D&B Composite CFO Optimism Index 

D&B CFO Composite Optimism Index is the result consolidated on the basis of a survey conducted among Chief Financial Officers (CFO) by Dun & Bradstreet. The D&B CFO Composite Optimism Index represents the expectations and feedbacks of CFOs in India regarding the financial state of their own company and overall macroeconomic conditions. The survey is conducted on a quarterly basis. The D&B CFO Composite Optimism Index is a useful tool for banks, financial institutions, financial managers and economists to understand the overall expectation of the economic performance which can be employed in day-to-day decision making.

Dun & Bradstreet Corporation

The Dun& Bradstreet Corporation has its headquarters in Short Hills, New Jersey, USA. The company which is normally termed D&B has presence across the globe. D&B provides commercial data, analytics, and insights for businesses along with a wide range of products and services for finance, marketing and research professionals. 

CFO Optimism Index, D&B Composite survey, CFO, Chief Financial Officer, economic performance, macroeconomic condition, macroeconomic level optimism index, Dun & Bradstreet, company level optimism index, indices, index, expectation, parameters

What is the methodology used for D&B CFO Composite Optimism Index survey?

The sample size of companies for the survey is picked randomly by Dun & Bradstreet from their commercial credit information file. Thus the companies represent a random mix of players in the fields of basic goods, capital goods, intermediate goods, consumer durables, consumer non-durables and the services sector. In effect, the mix of companies is a representation of the microcosmic of Indian business community.   

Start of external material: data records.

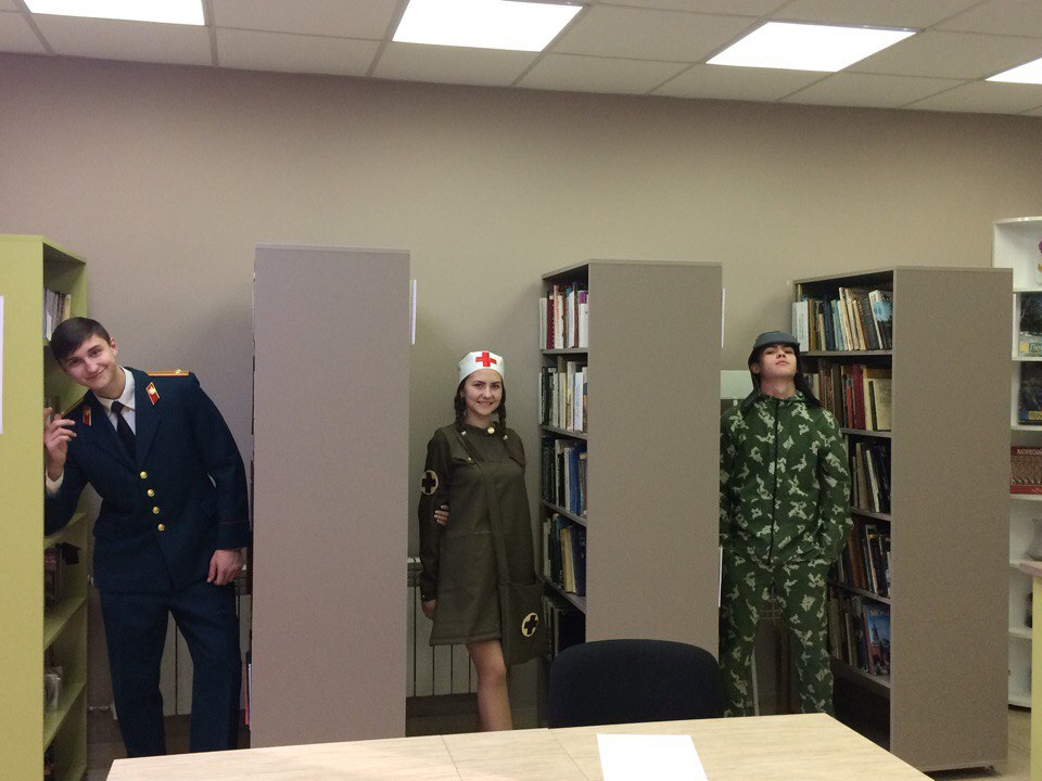 В Центральной городской библиотеке им. А.П. Чехова состоялся литературный дозор, в котором приняли участие 140 человек (курсанты КМРК, студенты ВУЗов города, волонтеры). Дозор «Бравое дело» был посвящен военной тематике – 75-летию победы в Сталинградской битве, Дню памяти воинов-интернационалистов, Дню защитника Отечества. Разработанные «маршруты», специально сшитые костюмы, вещно-предметный ряд той эпохи погрузили участников в атмосферу военного времени.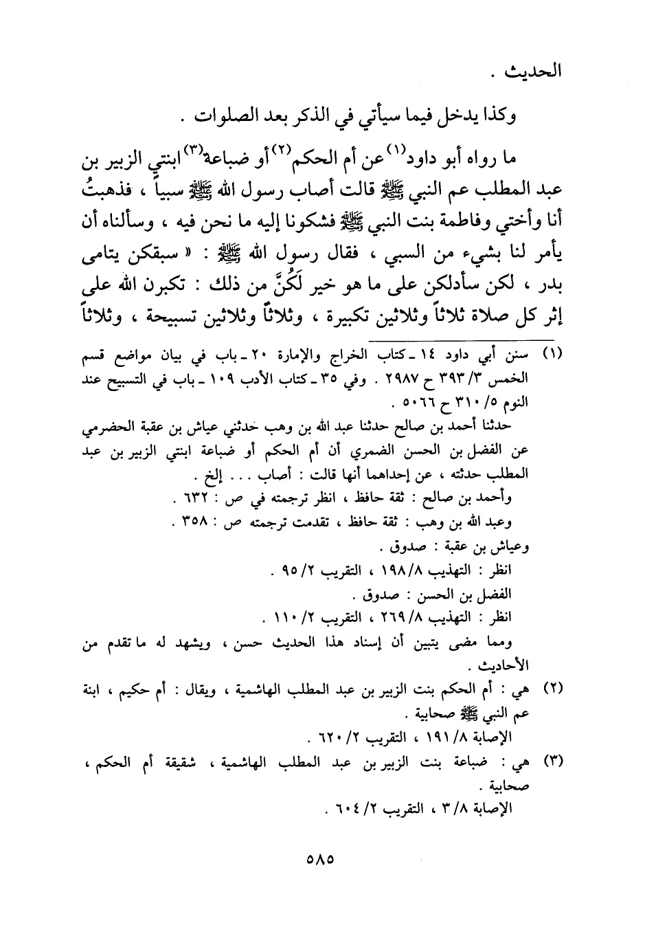 ما رواه أبو داود عن أم الحكم أو ضباعة ابنتي الزبير بن عبد المطلب عم النبي - صلى الله عليه وسلم - قالت أصاب رسول الله- صلى الله عليه وسلم - سبياً، فذهبتُ أنا وأختي وفاطمة بنت النبي -صلى الله عليه وسلم- فشكونا إليه ما نحن فيه، وسألناه أن يأمر لنا بشيء من السبي، فقال رسول الله -صلى الله عليه وسلم-: "سبقكن يتامى بدر، لكن سأدلكن على ما هو خير لَكُنَّ من ذلك: تكبرن الله على إثر كل صلاة ثلاثاً وثلاثين تكبيرة، وثلاثاً وثلاثين تسبيحة، وثلاثاً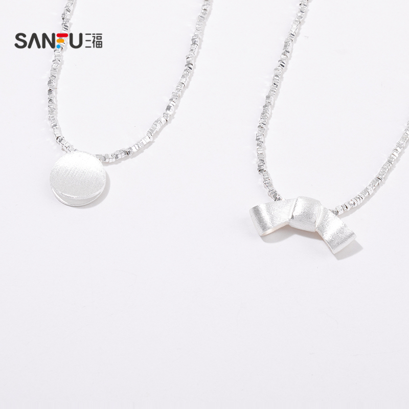 三福休闲拉丝碎石链短项链单条 时尚个性首饰配饰链条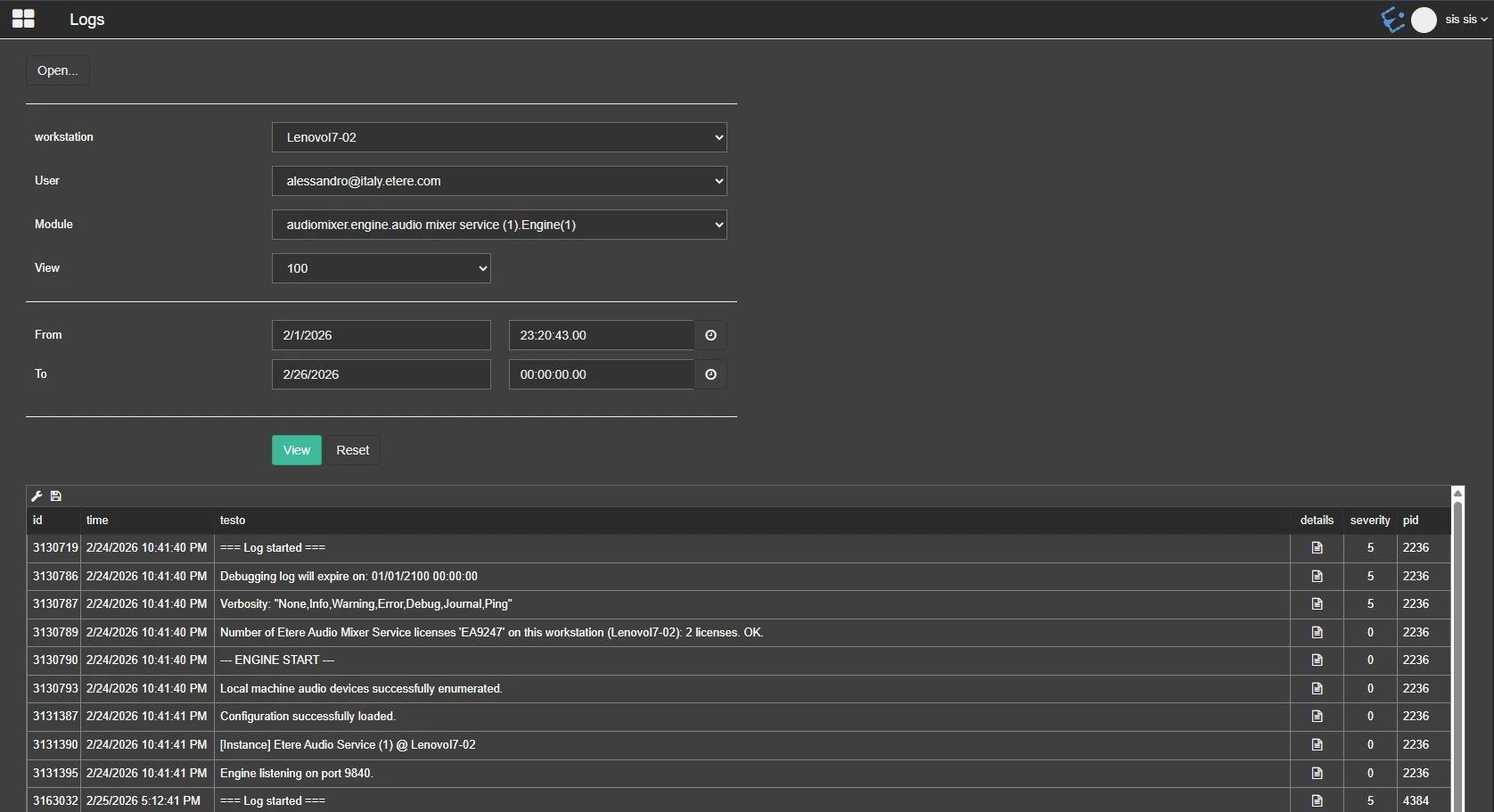 This section allows to view the logs of 64-bits etere modules stored in the logs database.
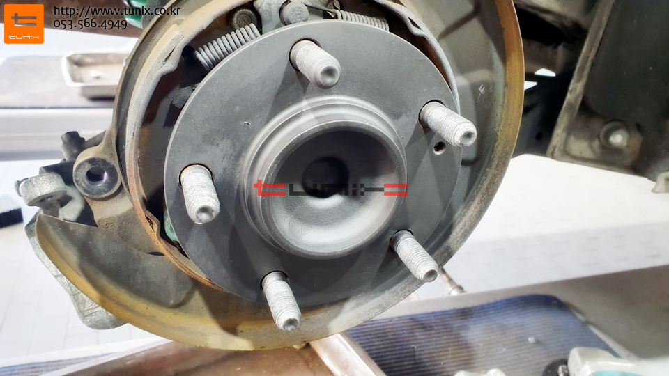 순정 디스크를 탈착후 허브에 녹을 깨끗히 제거해줍니다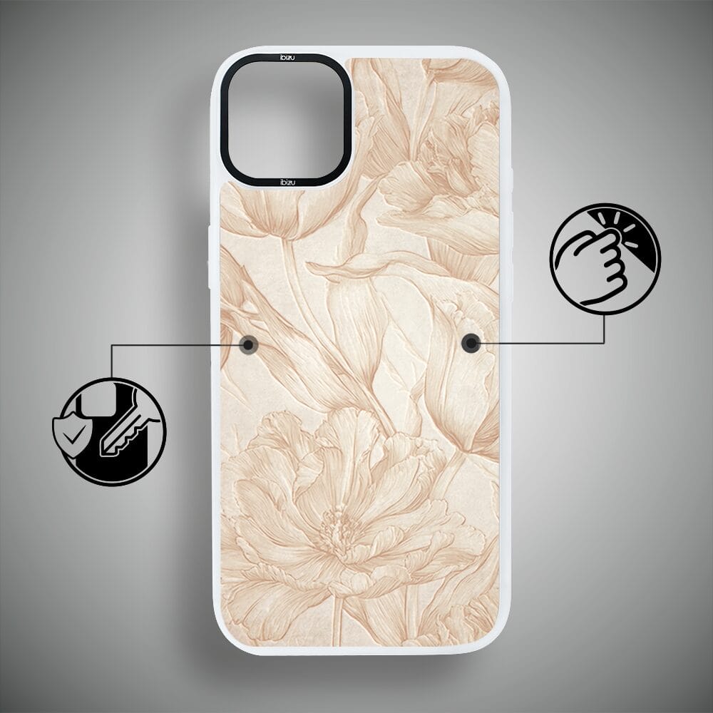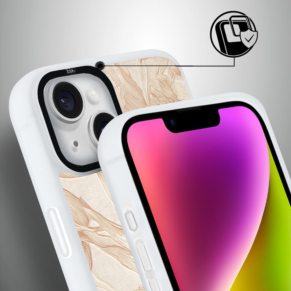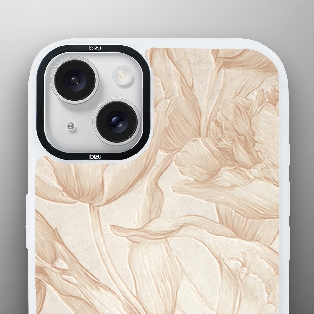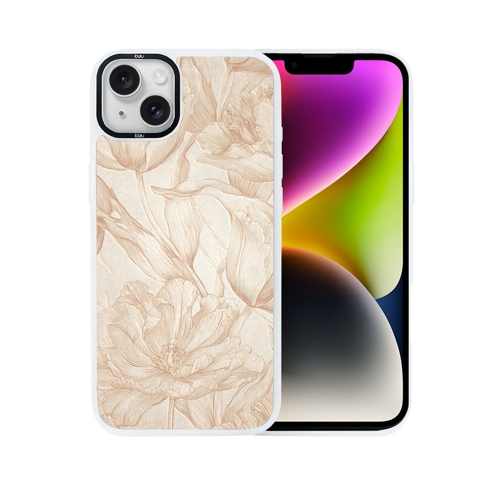 Etui do iPhone 14 Plus IBIZU DropGuard Matt z MagSafe, Relief Garden, Botaniczny biskwit, białe

The CFOs of the companies are then asked to respond to a set of questions on the financial performance of their companies. They are also required to reveal their expectations on the overall macroeconomic scenario for the corporate sector in the forthcoming period. The CFOs provide their outlook as to whether the specified parameters affecting their respective companies and the overall macroeconomic scenario will register an increase, decrease or maintain same level in the ensuing quarter as compared to the same quarter in the previous year.

Based on the feedback from the respondent CFOs, two broad indices are created. These indices represent optimism at the company level and optimism at the macroeconomic level. The company level optimism index consists of 8 parameters and the macroeconomic level optimism index consists of 4 parameters. 

What is D & B Composite CFO Optimism Index?

The feedbacks from the CFOs are collated to create the two broad indices, company level optimism index and macroeconomic level optimism index. Dun & Bradstreet introduced a Composite CFO Optimism Index for the purpose of capturing the aggregate behavior of the two indices. The D&B Composite CFO Optimism Index was introduced in Q3 2013.

How is the level of D&B Composite CFO Optimism Index arrived?

Each of the 12 parameters assessed to arrive at company level optimism index (8 parameters) and macroeconomic level optimism index (4 parameters) carries a weight assigned to the parameter. The positive feedbacks for each of these parameters for the period under review are expressed as a proportion of positive responses in the base period (Q2 2012). The parameter weight assigned to each parameter is then applied to these ratios and the results are aggregated to find out the D&B Composite CFO Optimism Index.  

For the purpose of the D&B survey, Q1 represents the period January to March, Q2 represents April to June, Q3 represents to July to September and Q4 represents the period between October and December each year.